**Given data**:

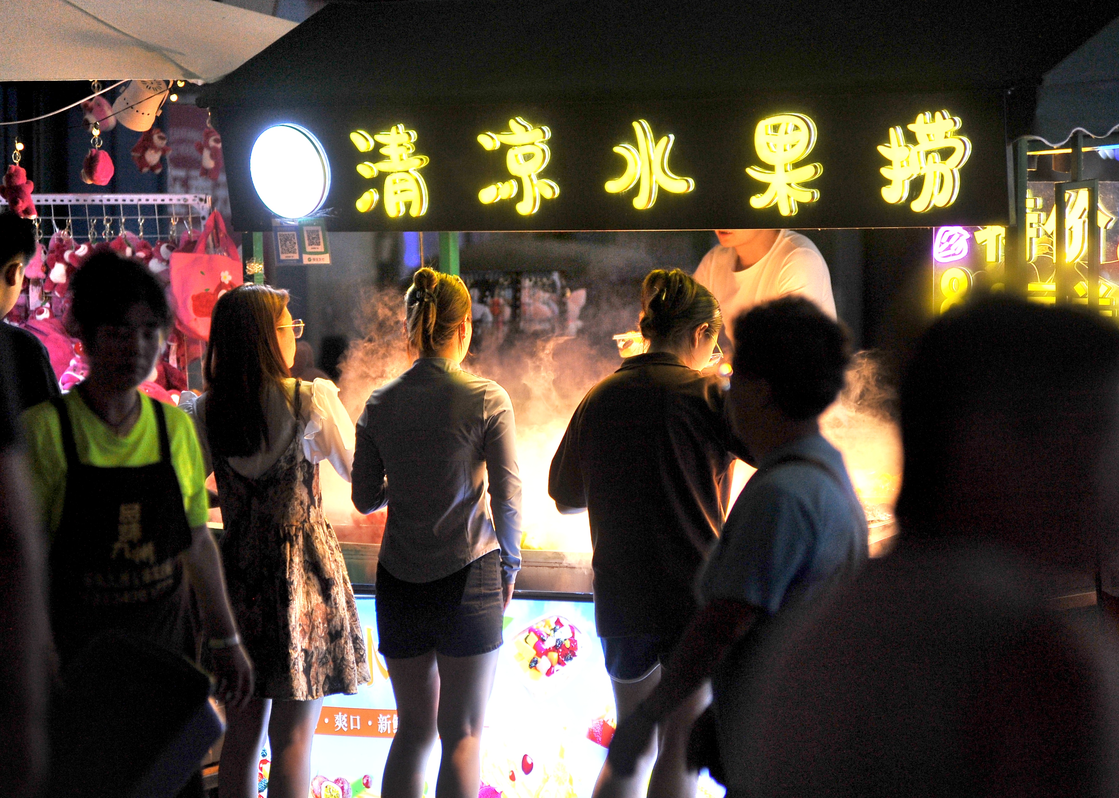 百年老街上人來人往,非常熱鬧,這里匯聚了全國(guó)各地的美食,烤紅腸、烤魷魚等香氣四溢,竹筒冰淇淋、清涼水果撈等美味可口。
==
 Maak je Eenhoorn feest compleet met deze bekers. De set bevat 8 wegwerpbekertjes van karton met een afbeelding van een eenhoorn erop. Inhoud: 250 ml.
--
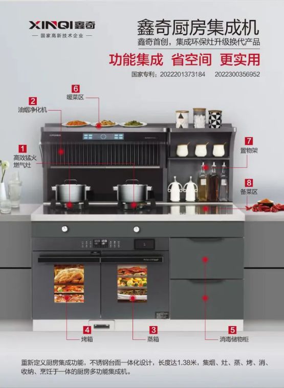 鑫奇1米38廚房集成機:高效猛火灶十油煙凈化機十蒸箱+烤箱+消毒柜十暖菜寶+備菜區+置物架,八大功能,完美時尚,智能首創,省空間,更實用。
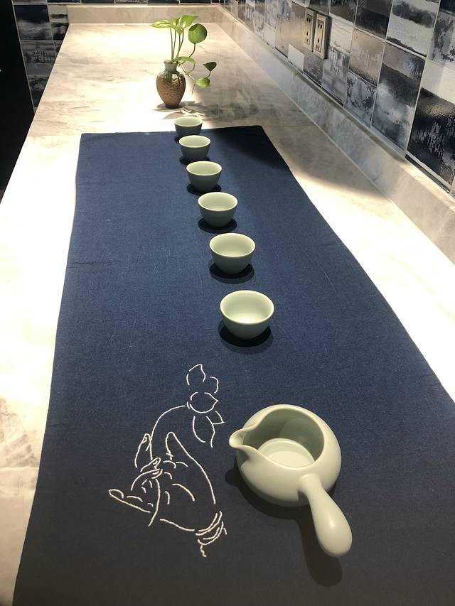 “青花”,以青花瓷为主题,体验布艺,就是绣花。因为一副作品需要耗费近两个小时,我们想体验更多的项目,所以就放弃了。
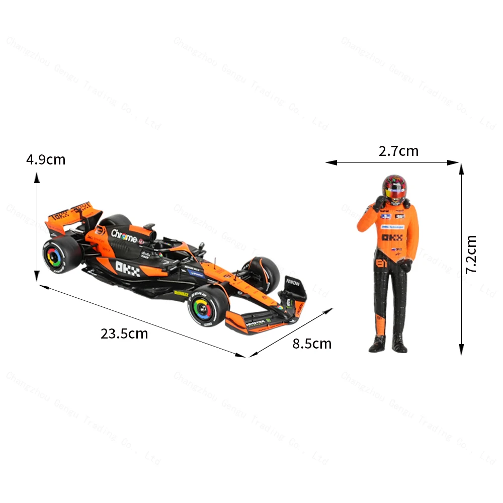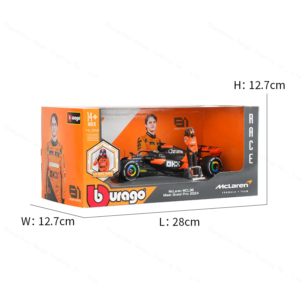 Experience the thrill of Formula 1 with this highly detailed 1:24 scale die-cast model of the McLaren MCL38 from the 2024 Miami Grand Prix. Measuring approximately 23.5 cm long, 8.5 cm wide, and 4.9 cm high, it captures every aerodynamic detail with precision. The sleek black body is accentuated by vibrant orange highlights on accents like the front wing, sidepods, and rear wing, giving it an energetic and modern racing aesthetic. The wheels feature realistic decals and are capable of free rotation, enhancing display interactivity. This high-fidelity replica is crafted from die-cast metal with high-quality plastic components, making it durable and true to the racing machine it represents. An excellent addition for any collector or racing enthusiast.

**Task description**: Look above for the line with "鑫奇1米38廚房集成機:高效" and the line with "Experience the thrill", then copy them and all lines in between exactly as written, and only those, without any pictures.

**Your solution**:
 鑫奇1米38廚房集成機:高效猛火灶十油煙凈化機十蒸箱+烤箱+消毒柜十暖菜寶+備菜區+置物架,八大功能,完美時尚,智能首創,省空間,更實用。
 “青花”,以青花瓷为主题,体验布艺,就是绣花。因为一副作品需要耗费近两个小时,我们想体验更多的项目,所以就放弃了。
 Experience the thrill of Formula 1 with this highly detailed 1:24 scale die-cast model of the McLaren MCL38 from the 2024 Miami Grand Prix. Measuring approximately 23.5 cm long, 8.5 cm wide, and 4.9 cm high, it captures every aerodynamic detail with precision. The sleek black body is accentuated by vibrant orange highlights on accents like the front wing, sidepods, and rear wing, giving it an energetic and modern racing aesthetic. The wheels feature realistic decals and are capable of free rotation, enhancing display interactivity. This high-fidelity replica is crafted from die-cast metal with high-quality plastic components, making it durable and true to the racing machine it represents. An excellent addition for any collector or racing enthusiast.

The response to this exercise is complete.